Records to process ::
· · · · · · ·

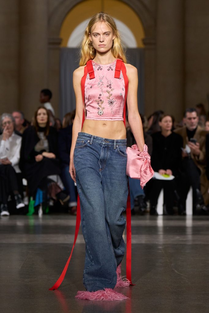 Чтобы как-то сгладить апатию следующего осенне-зимнего сезона дизайнеры предлагают нам обратить внимание на ленты. Их в этот раз на подиуме было особенно много. Причем речь не только о привычных бантах. В сезоне осень–зима 2026 ленты становятся полноценным декоративным приемом: их завязывают на корсетах, вплетают в платья, используют как длинные завязки на юбках и топах. У Bora Aksu они подчеркивают романтичное настроение коллекции и отсылают к викторианской эстетике. В коллекции Erdem ленты работают как часть сложного декора платьев, добавляя образам винтажный характер. А у Natasha Zinko и Simone Rocha этот элемент становится почти драматичным акцентом.
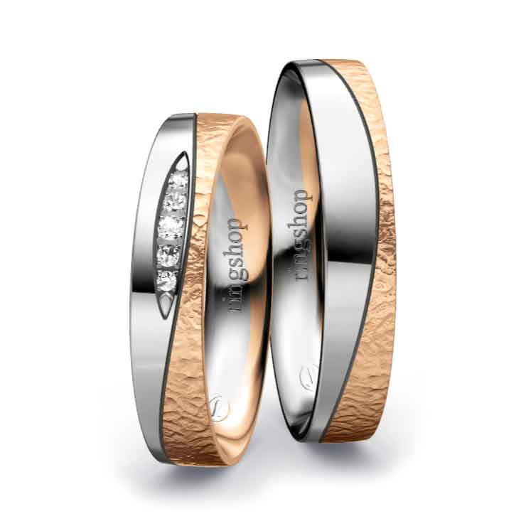 Rotgold: Es handelt sich um eine Legierung aus Feingold, Kupfer und Silber mit Goldanteilen zwischen 333/- und 750/-. Der etwas größere Kupferanteil sorgt für die namensgebende „rote“ Färbung und Härte des Materials. Der elegante und gleichermaßen zeitlose Farbton ist Kupfer ähnlich.
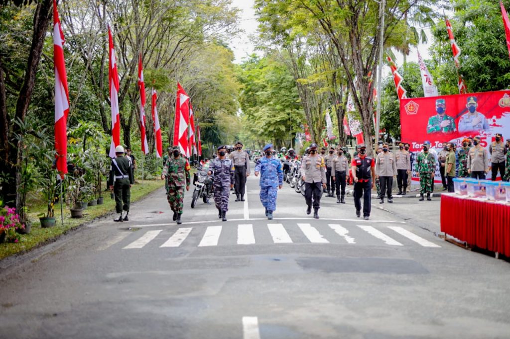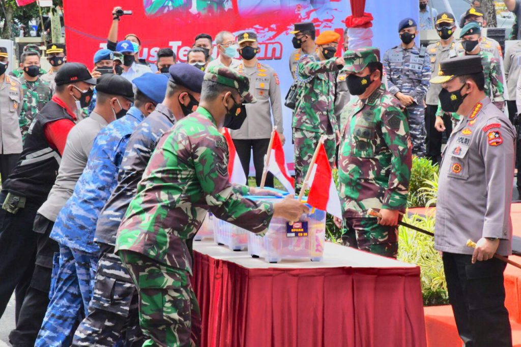 Panglima TNI Marsekal Hadi Tjahjanto dan Kapolri Jenderal Listyo Sigit Prabowo saat melepas pembagian bansos
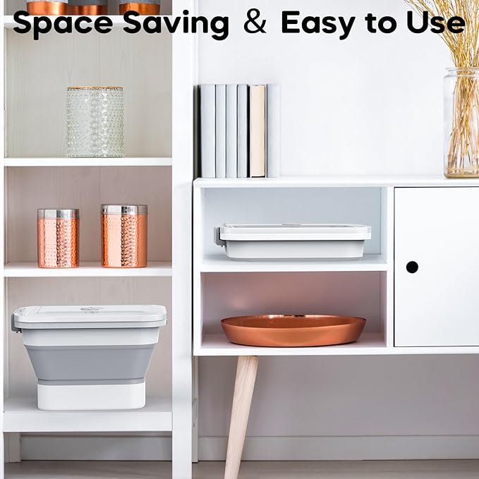 - Super Large Capacity: Our cat food storage container is collapsible and can be resized to store pet food as needed.Unfolded size: 16x10x8 inches, suitable for storing 10-13 pounds of dog food. Folded size:10x16x3 inches, suitable for storing 6 pounds of dog food. foldable design makes it saving space
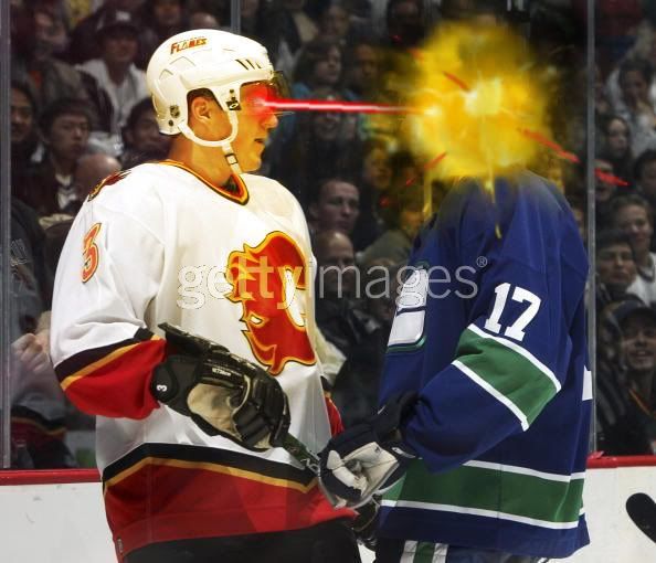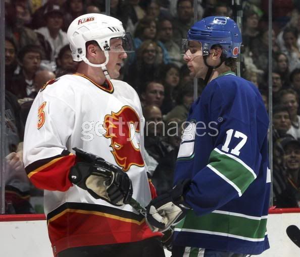 "Dion Phaneuf #3 of the Calgary Flames and Ryan Kesler #17 of the Vancouver Canucks exchange words on November 11, 2006 at General Motors Place in Vancouver, Canada. The Flames defeated the Canucks 3-2."

· · · · · · ·

Problem description ::
Please leave out the pictures while you copy exactly the lines from the one containing "- Super Large" through the end of the records.

Result of the exercise ::
 - Super Large Capacity: Our cat food storage container is collapsible and can be resized to store pet food as needed.Unfolded size: 16x10x8 inches, suitable for storing 10-13 pounds of dog food. Folded size:10x16x3 inches, suitable for storing 6 pounds of dog food. foldable design makes it saving space
 "Dion Phaneuf #3 of the Calgary Flames and Ryan Kesler #17 of the Vancouver Canucks exchange words on November 11, 2006 at General Motors Place in Vancouver, Canada. The Flames defeated the Canucks 3-2."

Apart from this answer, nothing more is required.